Thanks a lot for chiming in on this.

bch0w commented

Hi @SeismoFelix thanks for checking that, sorry it's still not working as expected. Trying to identify the multiple issues you're having:

  1. Insufficient time length removing stations
  2. Merging gapped data not always working
  3. Inconsistent results between bulk request and mass downloader (could you please open this as a new issue as it is quite different from the current issue, thanks!)

(1) small bug: since the input time bounds (seconds_before_ref and seconds_after_ref) are integers in your Config file, you are getting floating point rounding errors causing sub-second inconsistency in trace lengths, causing one of the checks to throw out some of the stations. I will implement a bug fix that forces these values to be floating points, regardless of input parmameter type.

To get around this, you can also use the parameter remove_insufficient_length to ignore that check for uniform stream lengths.

remove_insufficient_length: false

However it seems that the ObsPy trim function has some trouble cutting things at the same sub-second accuracy:

KO.MAZI..HHZ | 2023-02-08T14:18:25.010000Z - 2023-02-08T14:23:24.990000Z | 50.0 Hz, 15000 samples
KO.MERS..HHE | 2023-02-08T14:18:25.000000Z - 2023-02-08T14:23:25.000000Z | 50.0 Hz, 15001 samples

I'll need to investigate this a bit further to ensure that we are truly getting the same start times for all traces.


(2), I see merging gaps working and not working at the same time.

[2023-02-27 09:12:30] - pysep - INFO: KO.YER..HHN has data gaps, filling with: interpolate
[2023-02-27 09:12:30] - pysep - WARNING: KO.BNGB..HHZ has data gaps, removing

This is because filling data gaps only fills values between the start and end time of traces, but if the data gap is at the very beginning or end of the trace, there was no way to address it.

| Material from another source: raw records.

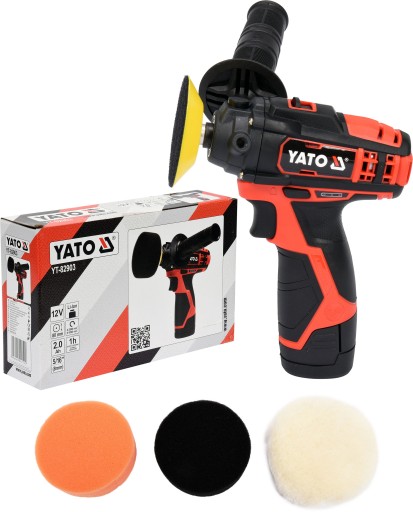 - w zestawie: akumulator 2 Ah YT-82909 i ładowarka 1 h oraz 3 dodatkowe krążki ścierne o różnej twardości (do wosku i pasty)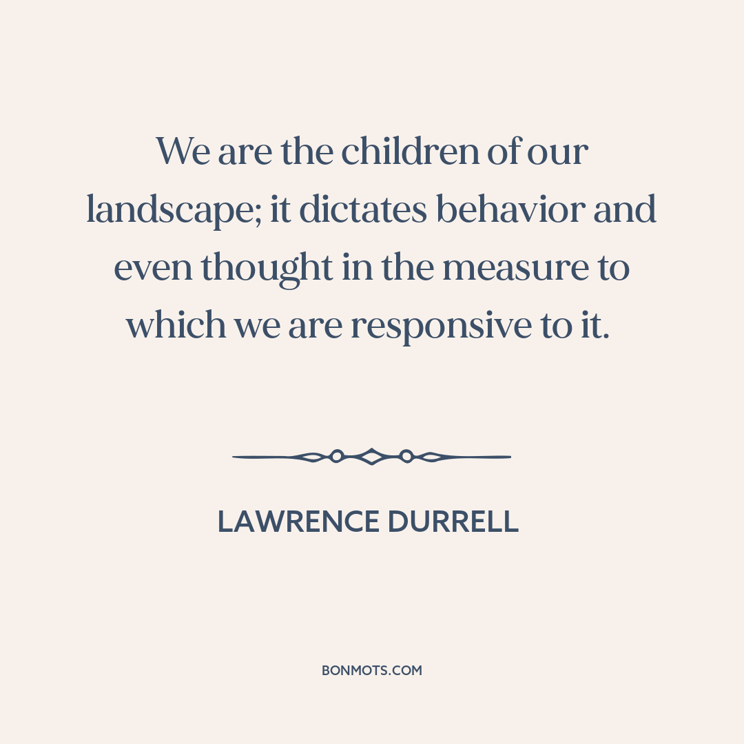 We are the children of our landscape; it dictates behavior and even thought in the measure to which we are responsive to it.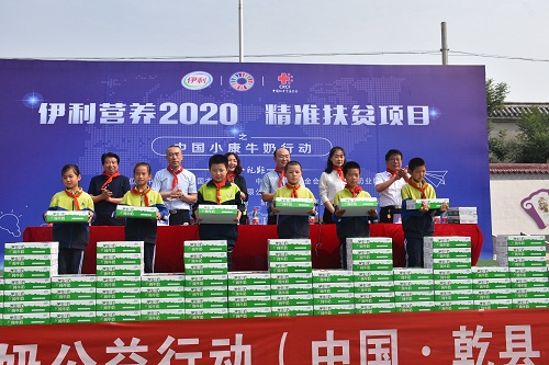 捐赠仪式上,六名少先队员代表学校接受学生营养奶捐赠。教育局主要负责人致答谢辞,感谢中国红十字基金会和伊利集团对乾县教育的支持的关心,并向伊利集团赠送锦旗一面。伊利集团陕西分公司负责人作发言。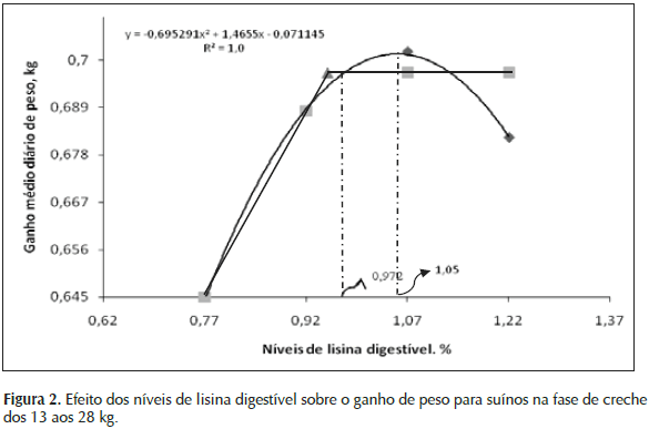 Para máximo ganho de peso diário o nível de lisina digestível pelo modelo quadrático foi estimado em 1.05% (Figura 2), e pelo modelo Linear Response Plateau, LRP, como 0.95%. Para esta faixa de peso, pela interseção das curvas (Figura 2) dos dois modelos estimou-se a exigência de lisina digestível em 0.972%, o que corresponde a um consumo de 14 gramas/dia de lisina digestível. Este valor é menor que a exigência preconizada por Rostagno et al. (2011) que é de 1.037% para suínos machos castrados de alto potencial genético com desempenho médio na faixa de peso 15-30 kg; e menor aos valores estimados por Rossoni et al. (2009) de 1.08% para fêmeas selecionadas para deposição de carne magra.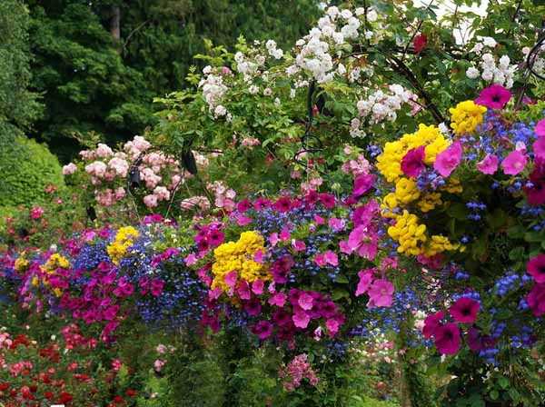 Сторонники классики могут наслаждаться чаепитиями в уголке сада, увитом розами. И для этого нет необходимости строить беседки вдоль забора и устанавливать арки. При украшении ограждений можно использовать даже жестяные банки из-под краски, кофе или консервные. Подвешенные на хомуты и окрашенные в яркие цвета, они будут прекрасным дополнением к цветочному дизайну. Расположив ненужные корзинки на фоне светлого забора и посадив в них разноцветные петуньи, можно оживить даже самый скучный пейзаж.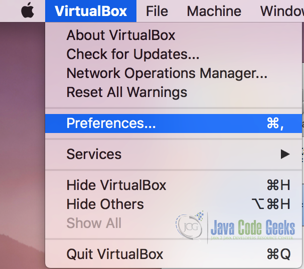 1.转到Virtualbox首选项菜单,并从下拉菜单中选择“首选项”(‘Preferences’)。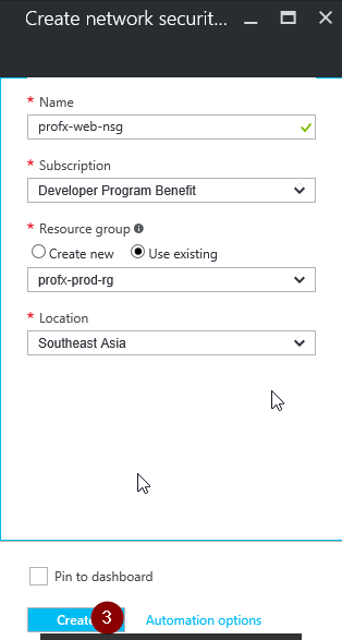 Provide a meaningful name for the NSG. In your production scenarios with different environments and multiple servers, you might have to create multiple NSGs. Please be cautious in naming the NSGs. Select the Subscription, Resource Group, and Location, based on your requirements.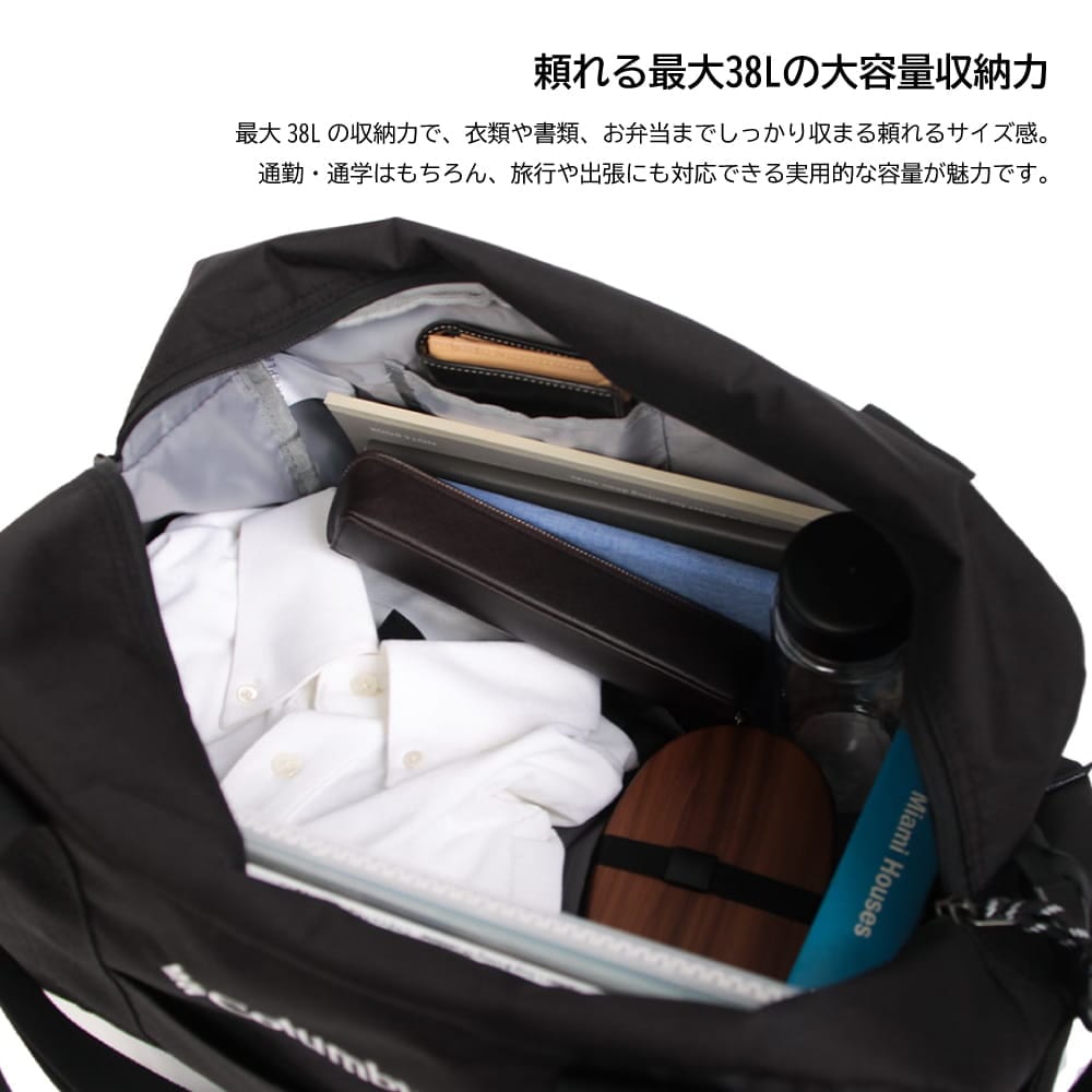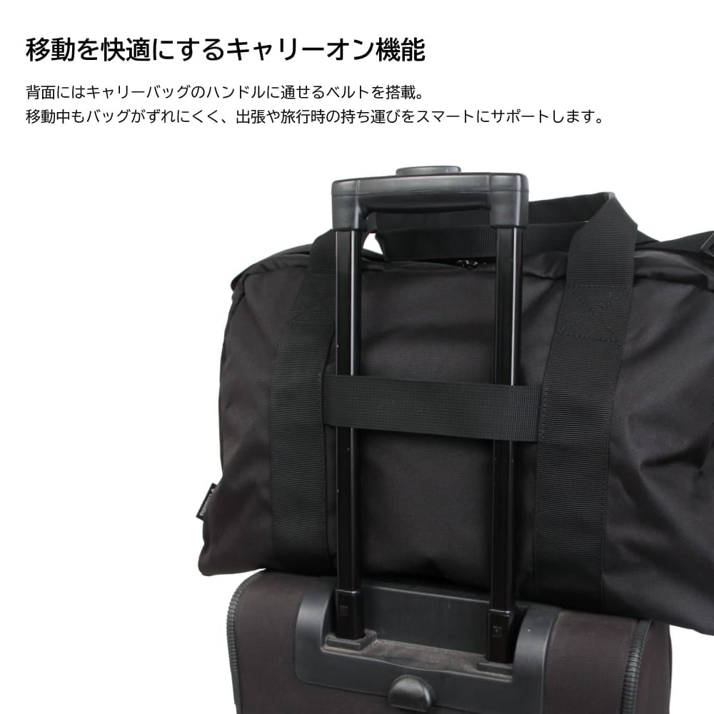 最大38Lの大容量を備えた、通勤・通学から旅行まで対応できる多機能ボストンバッグ。衣類や書類、PC、日常の必需品までしっかり収納できる頼れるサイズ感が魅力です。ショルダーベルトは着脱可能で、手持ち・肩掛けとシーンに合わせた使い分けが可能。背面にはキャリーバッグのハンドルに通せるキャリーオン対応ベルトを搭載し、移動時もスマートに持ち運べます。日常使いから出張・旅行まで幅広く活躍する実用性の高いアイテムです。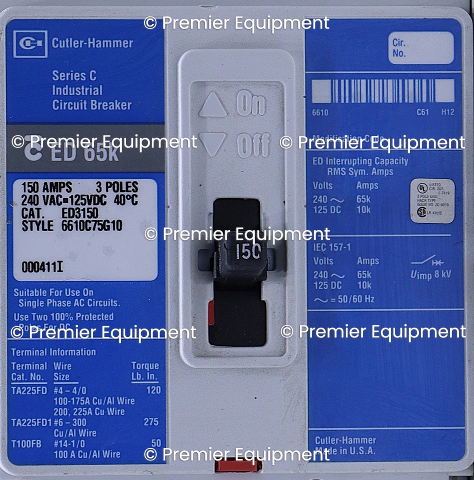 THERMAL-MAGNETIC CIRCUIT BREAKERWITH NON-INTERCHANGEABLE TRIP UNIT240 VAC / 125 VDC MAXTYPE ED65 KAIC AT 240 VAC3 POLE150 AMP RATING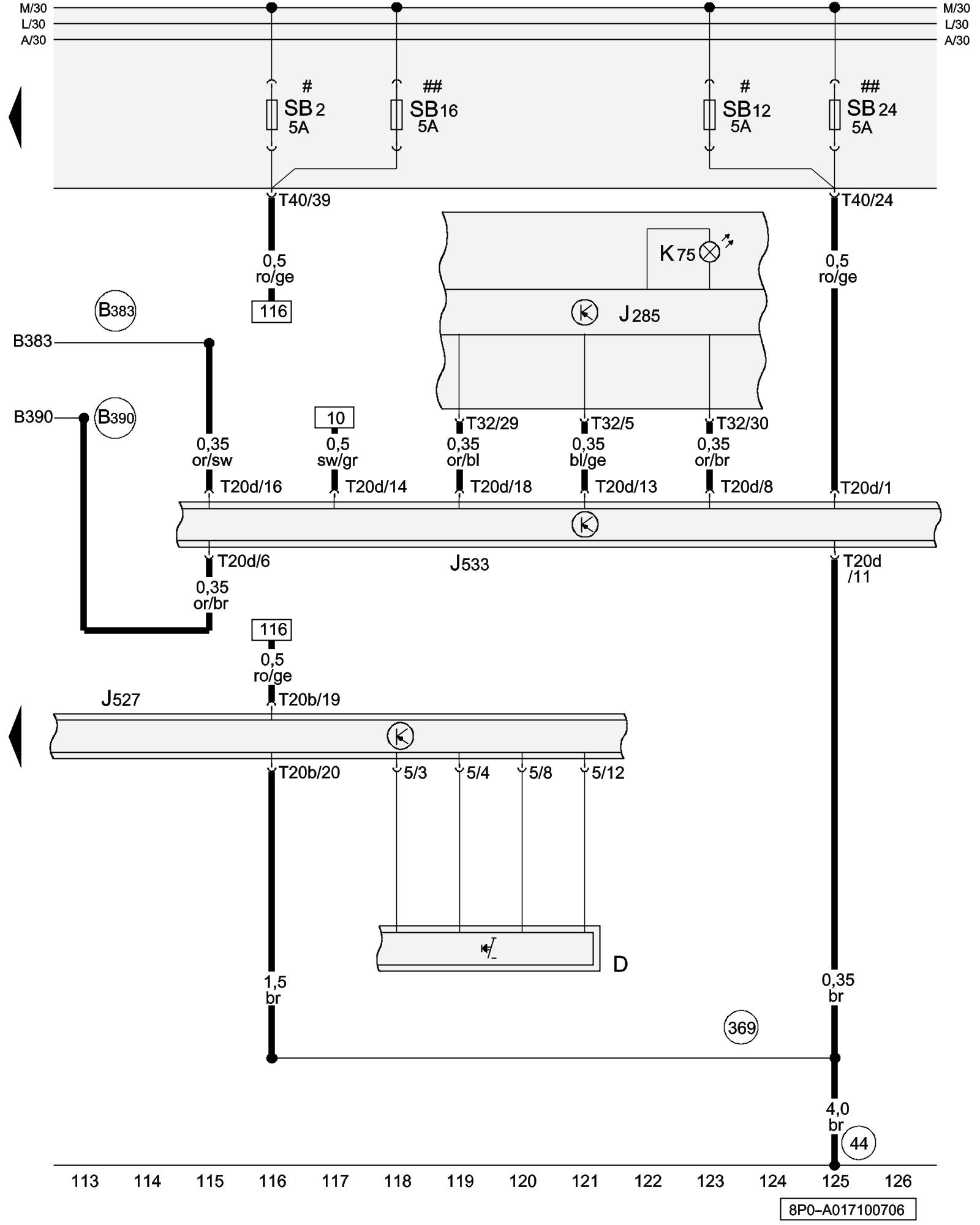J533 - Data Bus On Board Diagnostic Interface Control Modules in Interior Of Vehicle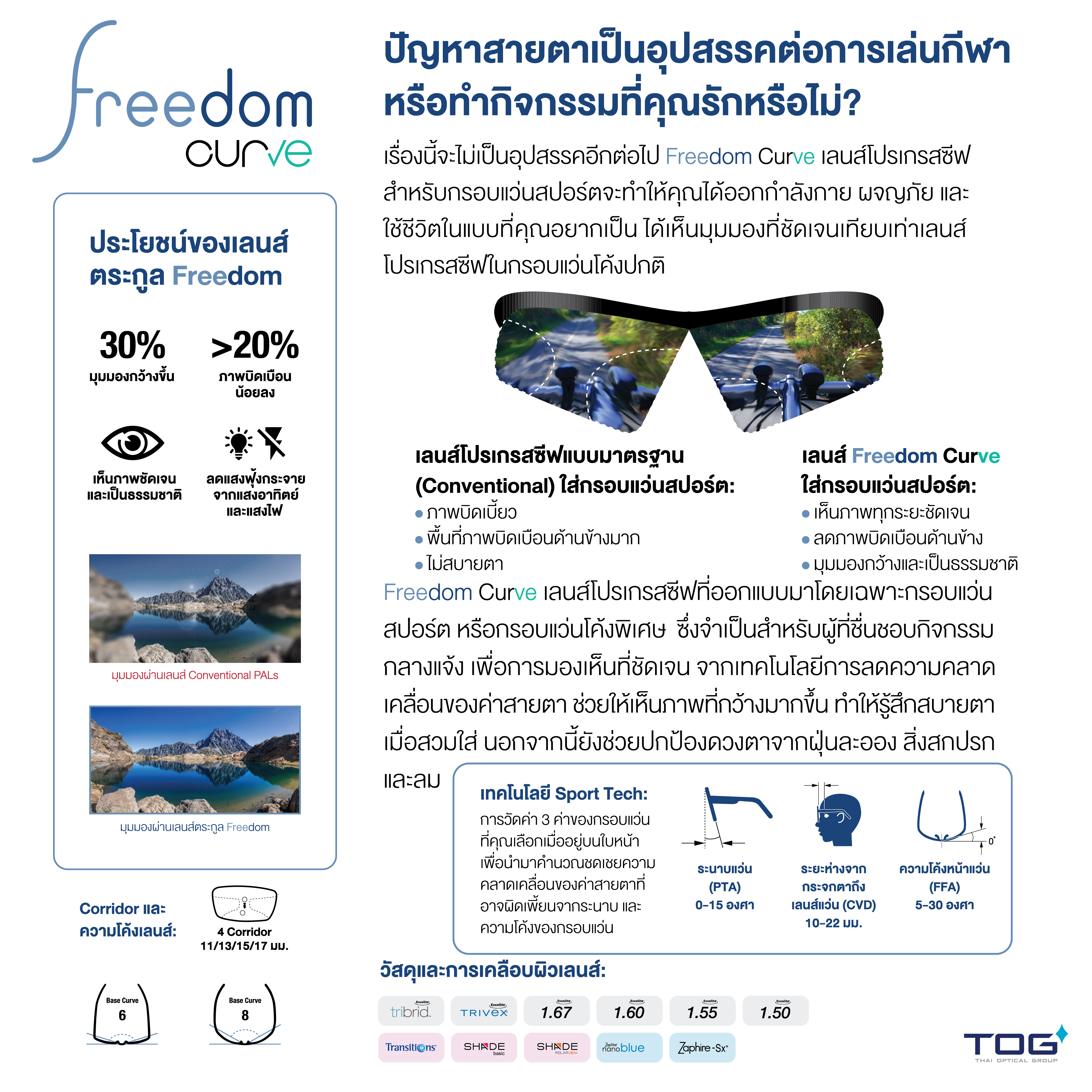 เรื่องนี้จะไม่เป็นอุปสรรค์อีกต่อไป Freedom Curve เลนส์โปรเกรสซีฟสำหรับกรอบแว่นสปอร์ตจะทำให้คุณได้ออกกำลังกาย ผจญภัย และใช้ชีวิตในแบบที่คุณอยากเป็น ได้เห็นมุมมองที่ชัดเจนเทียบเท่าเลนส์โปรเกรสซีฟในกรอบแว่นโค้งปกติ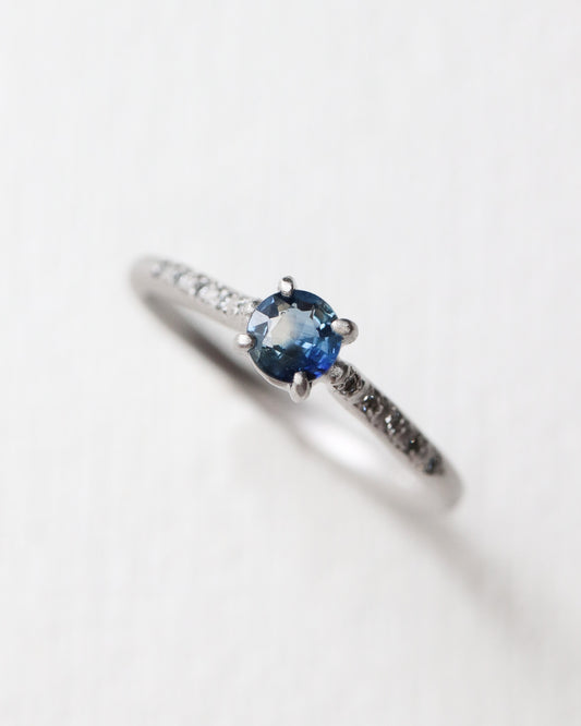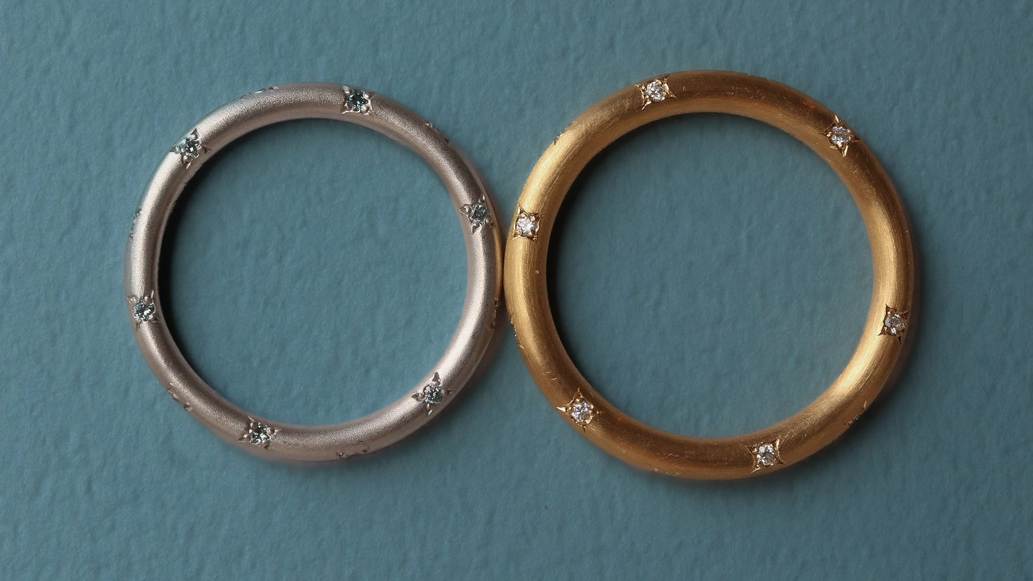 めぐり合わせや切れ目のない関係を、ラウンドのシンプルなリングで表現したen。ダイアモンド、ブルーダイアモンド、エメラルドはファッションとしても。四光留めと技法でダイアモンド1点1点を丁寧に彫留めし、どこまでも輝く星空をイメージして、どの角度から見てもドット状に見えるようにダイアモンドをセッティングしました。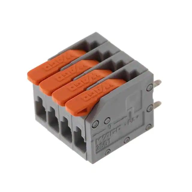 This is manufactured by WAGO Corporation. The manufacturer part number is 2601-3104. It is assigned with possible HTSUS value of 8536.90.4000. The product is rohs3 compliant. The product also features robust polyamide (pa66), nylon 6/6 housing material. The product has -60°c ~ 105°c operating temperature range. While the contact is electrolytic copper - tin plated. The mating comes in a vertical with board orientation. The wire terminals available include screwless - leg spring, push-in spring. It is shipped in box. Moreover, the product has a wire gauge of 16-26 awg. The clamp is designed from robust materials including steel - nickel plated. Its typical moisture sensitivity level is 1 (unlimited). The product carries 1 levels. It has a long 12 weeks standard lead time. Features a 10 a current in A. The splendid features of the product include lever actuated. The product is available in through hole configuration. It has a classic gray colour. It has 4 positions each level. It carries a 300 v of voltage. Moreover, the product is 0.138" (3.50mm) The product is designated with the ear99 code number

The bugfix is to allow the parameter fill_data_gaps to fill in those boundary data gaps.

bch0w commented

@SeismoFelix I tried to address points 1 and 2 in the above comment with the latest PR (#88). I tried this out with the example YAML file you provided and I managed to get ~200 waveforms returned which seems like more than double the original.

Could you test that out and see how it works? Similarly if you could let me know how many waveforms Wilber returns, I will probably have a better idea of what number we should be aiming for with PySEP.

Also please submit point 3 (mass downloader) as a separate issue and I'll get to that when I can.